--- RECORDS FOR PROCESSING Enclosed Below ---
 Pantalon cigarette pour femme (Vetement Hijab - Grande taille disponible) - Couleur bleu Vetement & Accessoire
--- End of Enclosed RECORDS FOR PROCESSING ---
--- RECORDS FOR PROCESSING Enclosed Below ---
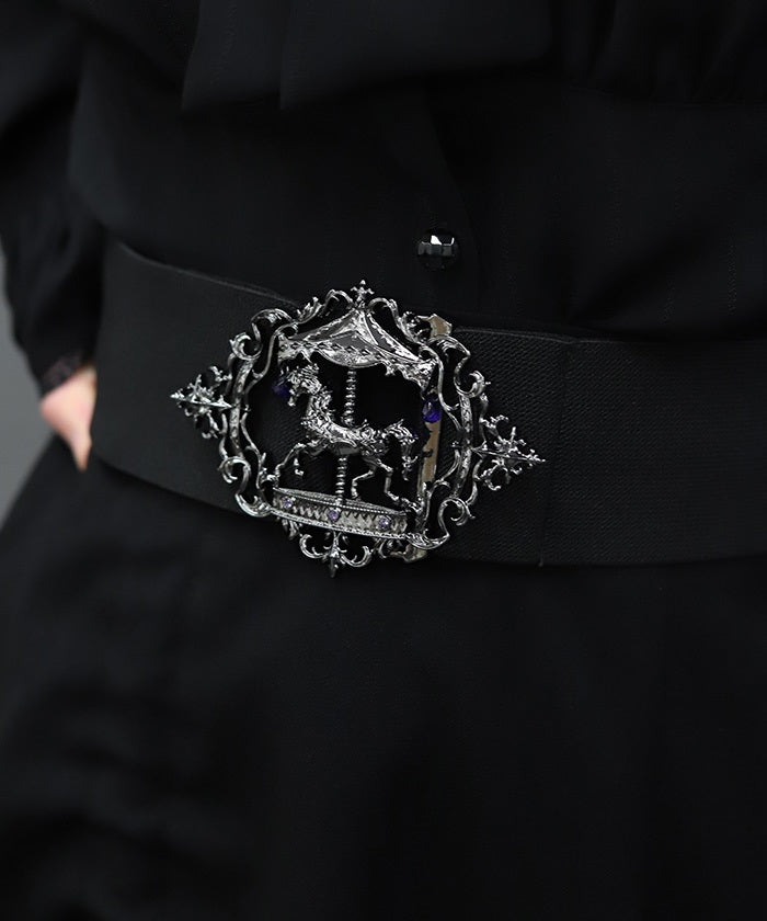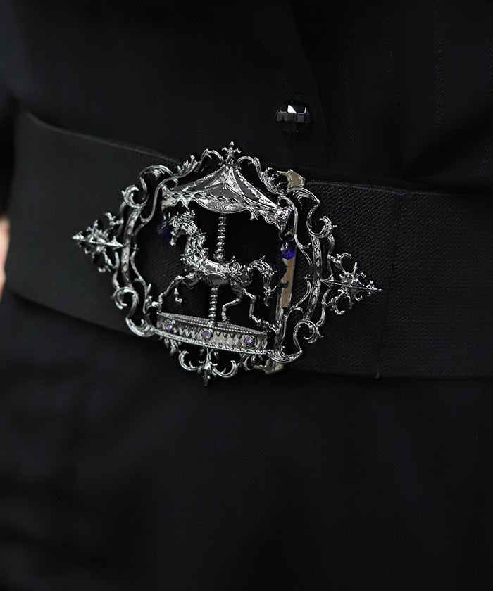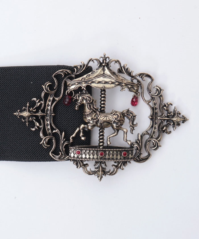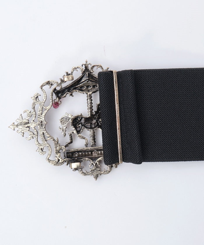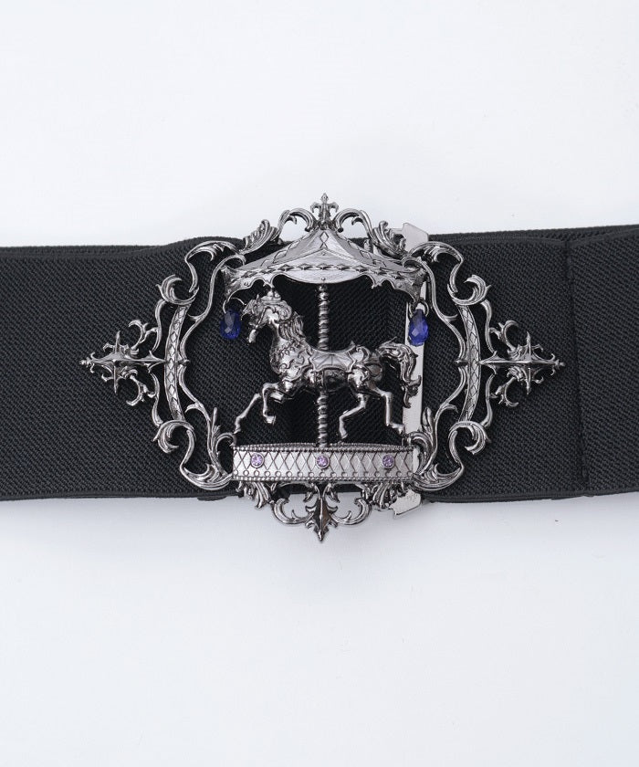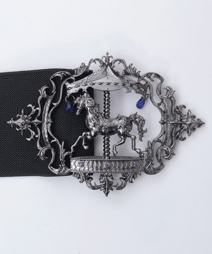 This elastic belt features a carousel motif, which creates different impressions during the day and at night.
--- End of Enclosed RECORDS FOR PROCESSING ---
--- RECORDS FOR PROCESSING Enclosed Below ---
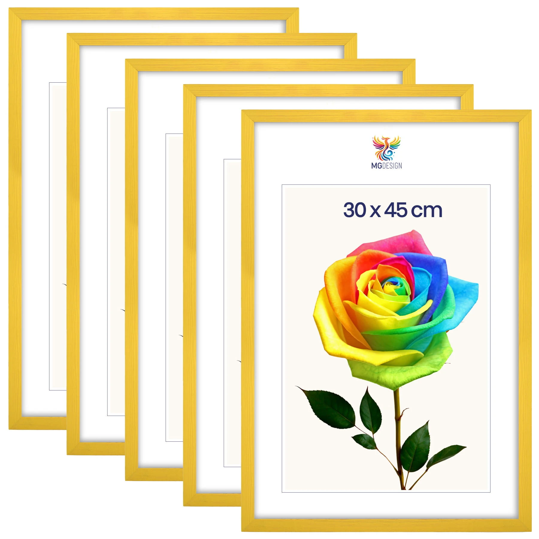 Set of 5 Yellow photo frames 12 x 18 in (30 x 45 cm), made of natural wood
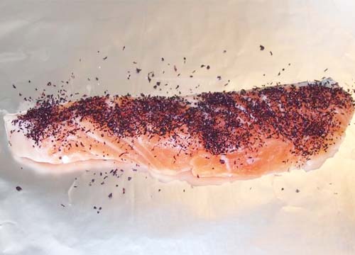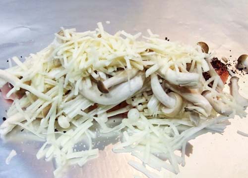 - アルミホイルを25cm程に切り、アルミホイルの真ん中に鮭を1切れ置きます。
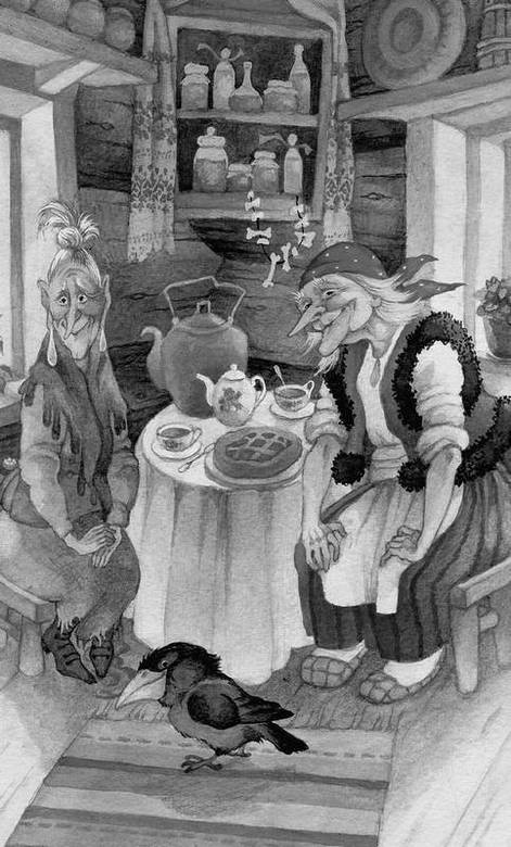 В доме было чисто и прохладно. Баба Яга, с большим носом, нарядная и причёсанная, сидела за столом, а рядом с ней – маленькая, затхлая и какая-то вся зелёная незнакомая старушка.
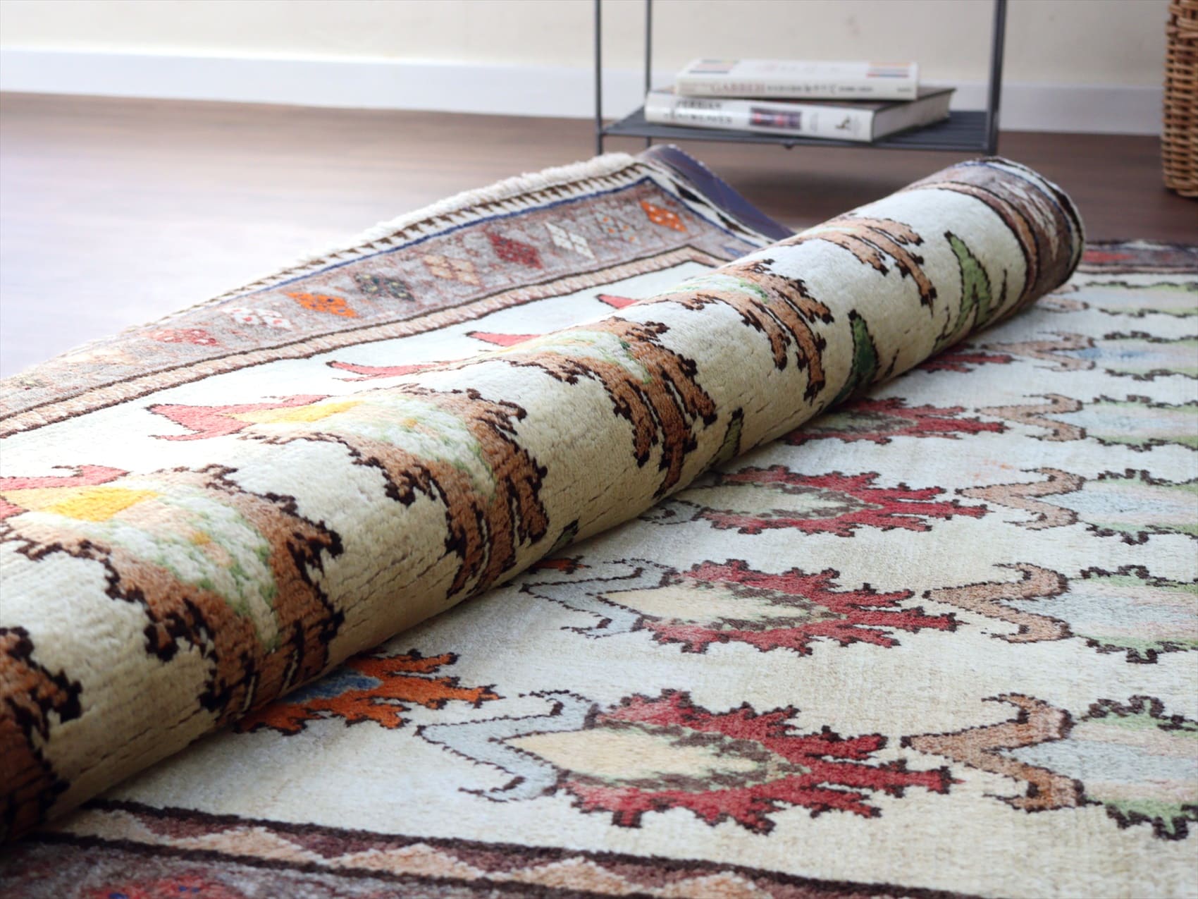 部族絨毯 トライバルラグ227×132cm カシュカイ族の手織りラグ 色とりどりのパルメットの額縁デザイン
--- End of Enclosed RECORDS FOR PROCESSING ---
▶ INSTRUCTIONS TO FOLLOW
Leaving out the pictures, please output the lines in the entries above from the one with "- アルミホイルを25cm程に切り、アルミホイルの真ん中に鮭を1切れ置きます。" through the one with "部族絨毯 トライバルラグ227×132cm カシュカイ族の手織りラグ", exactly as they are.

▶ EXERCISE OUTPUT
 - アルミホイルを25cm程に切り、アルミホイルの真ん中に鮭を1切れ置きます。
 В доме было чисто и прохладно. Баба Яга, с большим носом, нарядная и причёсанная, сидела за столом, а рядом с ней – маленькая, затхлая и какая-то вся зелёная незнакомая старушка.
 部族絨毯 トライバルラグ227×132cm カシュカイ族の手織りラグ 色とりどりのパルメットの額縁デザイン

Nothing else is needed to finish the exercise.